▸ **GIVEN DATA**
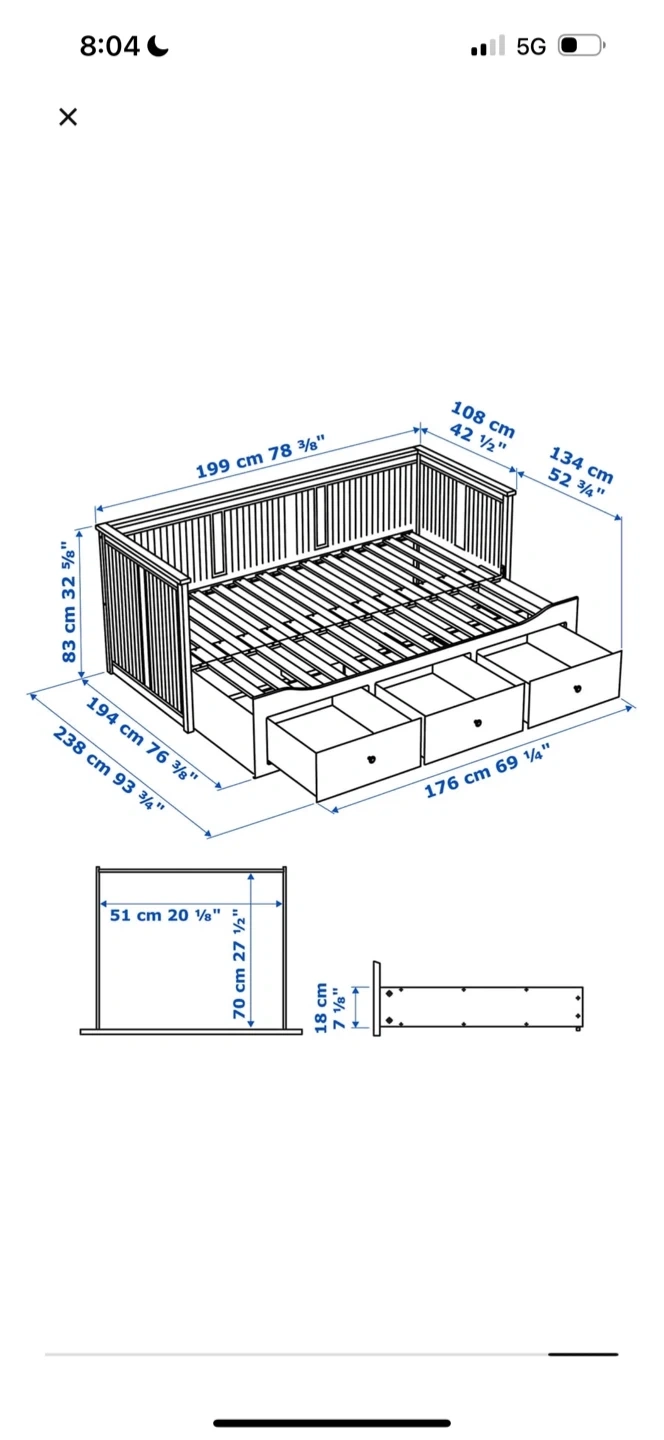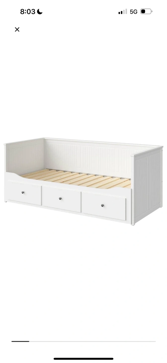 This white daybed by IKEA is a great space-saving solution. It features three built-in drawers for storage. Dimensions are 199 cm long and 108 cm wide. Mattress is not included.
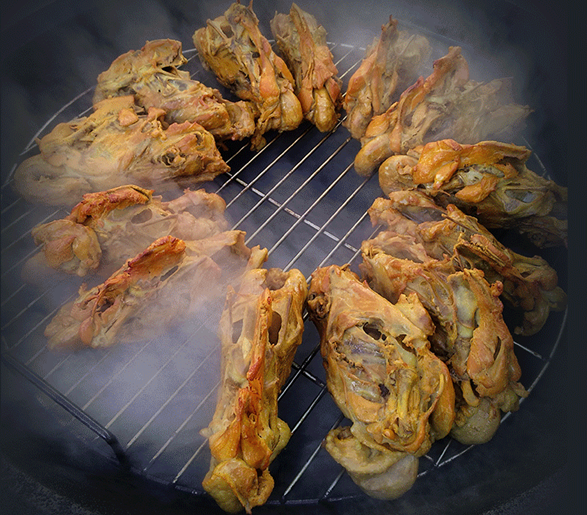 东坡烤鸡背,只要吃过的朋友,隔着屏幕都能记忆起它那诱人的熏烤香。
--
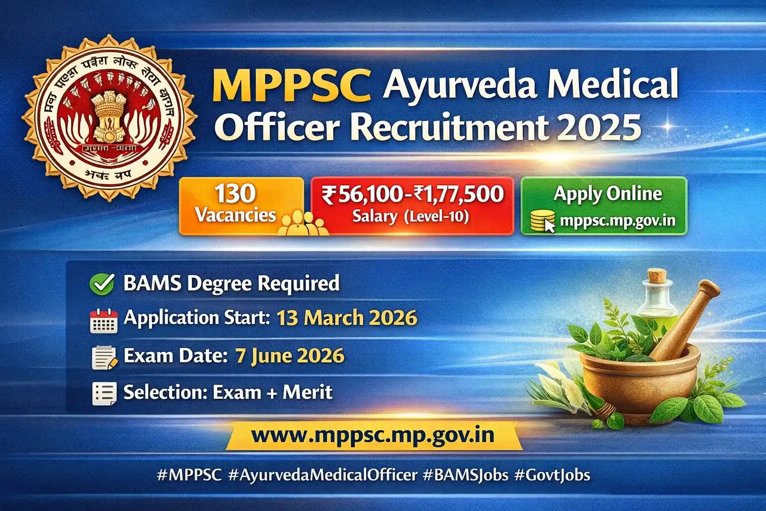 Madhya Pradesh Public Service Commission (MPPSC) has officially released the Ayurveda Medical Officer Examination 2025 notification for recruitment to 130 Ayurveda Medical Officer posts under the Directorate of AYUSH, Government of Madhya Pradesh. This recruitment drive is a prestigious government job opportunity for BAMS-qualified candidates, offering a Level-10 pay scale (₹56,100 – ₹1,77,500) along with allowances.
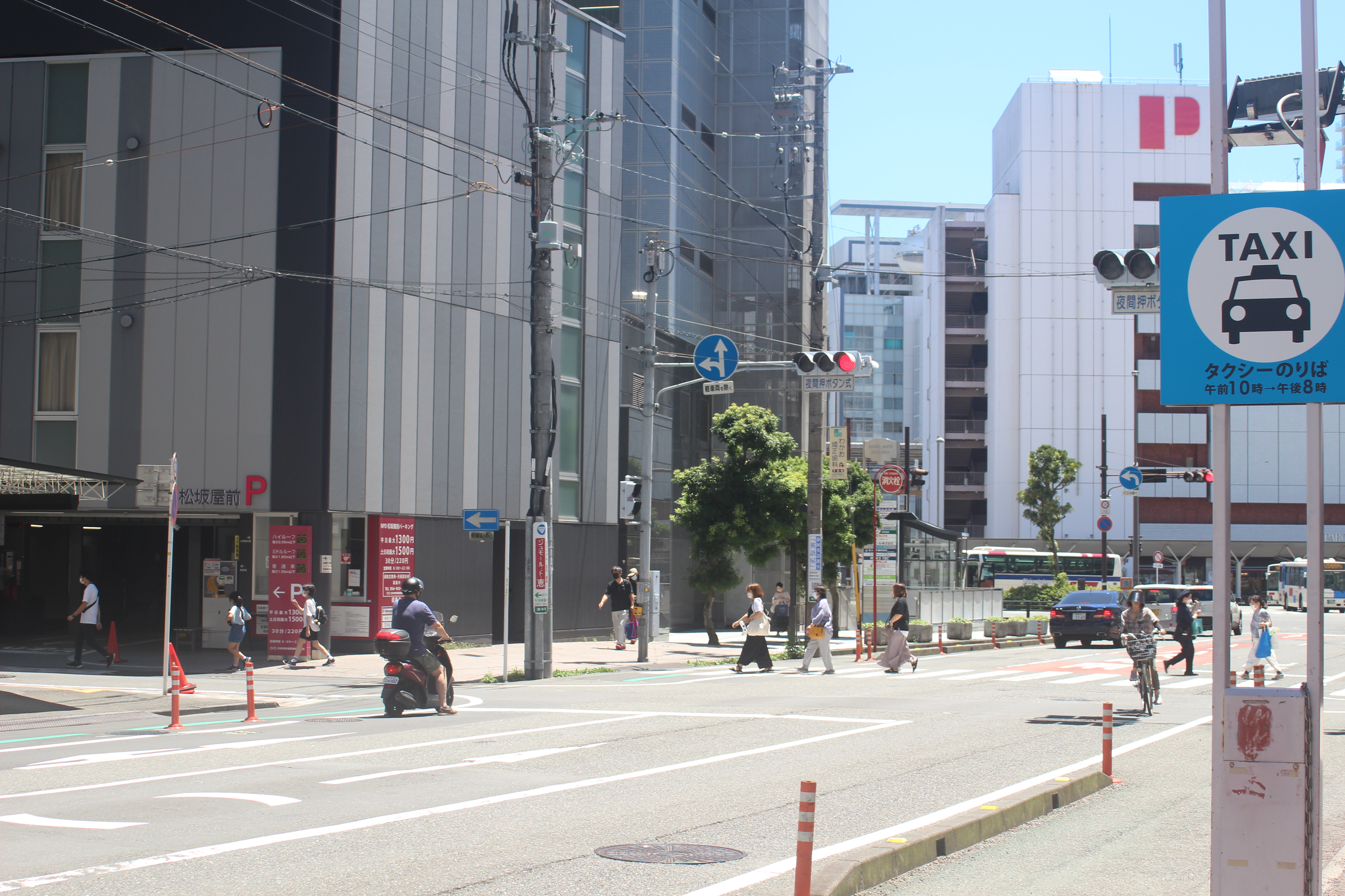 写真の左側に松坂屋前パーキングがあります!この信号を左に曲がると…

▸ **REQUIREMENT**
Take the entries above and copy exactly the lines starting at the one with "This white daybed" and ending at the one with "东坡烤鸡背,只要吃过的朋友,隔着屏幕都能记忆起它那诱人的熏烤香。"; nothing outside that span, and no pictures.

▸ **RESPONSE AREA**
 This white daybed by IKEA is a great space-saving solution. It features three built-in drawers for storage. Dimensions are 199 cm long and 108 cm wide. Mattress is not included.
 东坡烤鸡背,只要吃过的朋友,隔着屏幕都能记忆起它那诱人的熏烤香。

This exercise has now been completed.